Weaker dollar, falling oil, and rate-cut bets push gold toward new highs
MARKET INSIDER – Gold is back in the spotlight—and not because of escalating war, but because of a sudden pause. A fragile two-week ceasefire between the United States and Iran has triggered a sharp realignment across global markets, sending gold prices to a near three-week high while oil and the U.S. dollar tumble. For investors, the message is clear: geopolitics still dictates capital flows, but not always in predictable ways.
Spot gold jumped 2% to $4,795.99 per ounce, after briefly surging more than 3% to its strongest level since mid-March. U.S. futures followed suit, climbing to $4,824.70. The rally comes as energy markets unwind risk premiums tied to conflict in the Strait of Hormuz—a chokepoint that carries roughly a fifth of global oil supply—after Tehran signaled it would pause disruptions as part of the ceasefire framework announced by Donald Trump.
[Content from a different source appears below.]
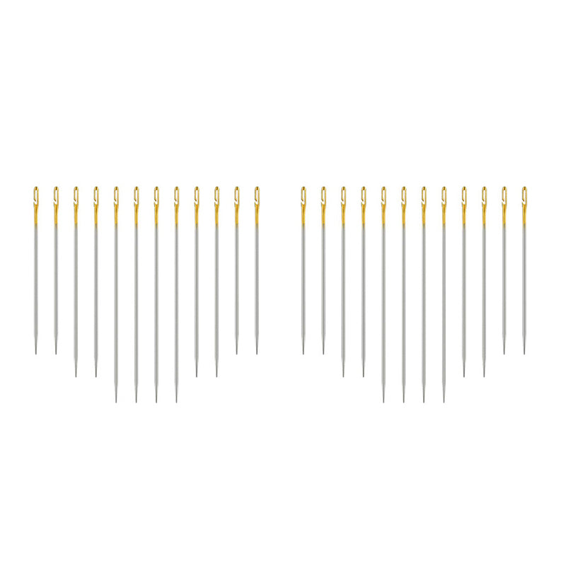 - Setti sisältää 12 teräksistä ja nikkelöityä neulaa, kätevällä jakajalla (koukku yläosassa).
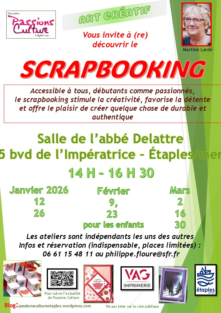 Atelier animé par Martine Lardétous niveauxSalle Abbé Delattre de 14h à 16h305 boulevard de l'Impératrice Les 12 et 26 janvier Les 9 et 23 Février pour les enfants Les 2, 16 et 30 mars Les ateliers sont indépendants les uns des autresPlus d'informations et inscription (obligatoire, places limitées !)06 61...

The knock-on effects have been swift and global. Oil prices plunged more than 13%, slipping below $100 per barrel, while the U.S. dollar dropped to a one-month low. This combination—lower energy costs and a softer greenback—has created ideal conditions for gold, which tends to thrive when real yields decline and currency strength fades. According to analysts at UBS, the ceasefire has also fueled expectations of looser monetary policy, amplifying demand for non-yielding assets like bullion.
Market pricing now reflects a dramatic shift in sentiment. Investors see a 43% probability of at least one interest rate cut by the Federal Reserve before year-end, up sharply from just 14% a day earlier, based on data from CME Group’s FedWatch tool. Meanwhile, equities and bonds have rallied in tandem, signaling a broader risk-on mood—but one still tethered to fragile diplomatic progress.
Yet beneath the surface, a more structural narrative is unfolding. Gold had already declined nearly 10% since late February amid rising yields and war-driven volatility. Now, with inflation pressures easing and global debt levels climbing, institutional investors are once again turning to gold as a strategic hedge. UBS maintains a bullish outlook, projecting prices could reach $5,900 per ounce by year-end, driven by diversification demand and falling real interest rates.
The bigger question for global markets is whether this ceasefire marks a turning point—or just a pause before the next shock. If diplomacy holds, gold’s rally may extend not on fear, but on a deeper shift toward monetary easing and fiscal fragility. If it doesn’t, the metal’s safe-haven appeal could return with even greater force. Either way, gold is no longer just reacting to crisis—it’s anticipating what comes next.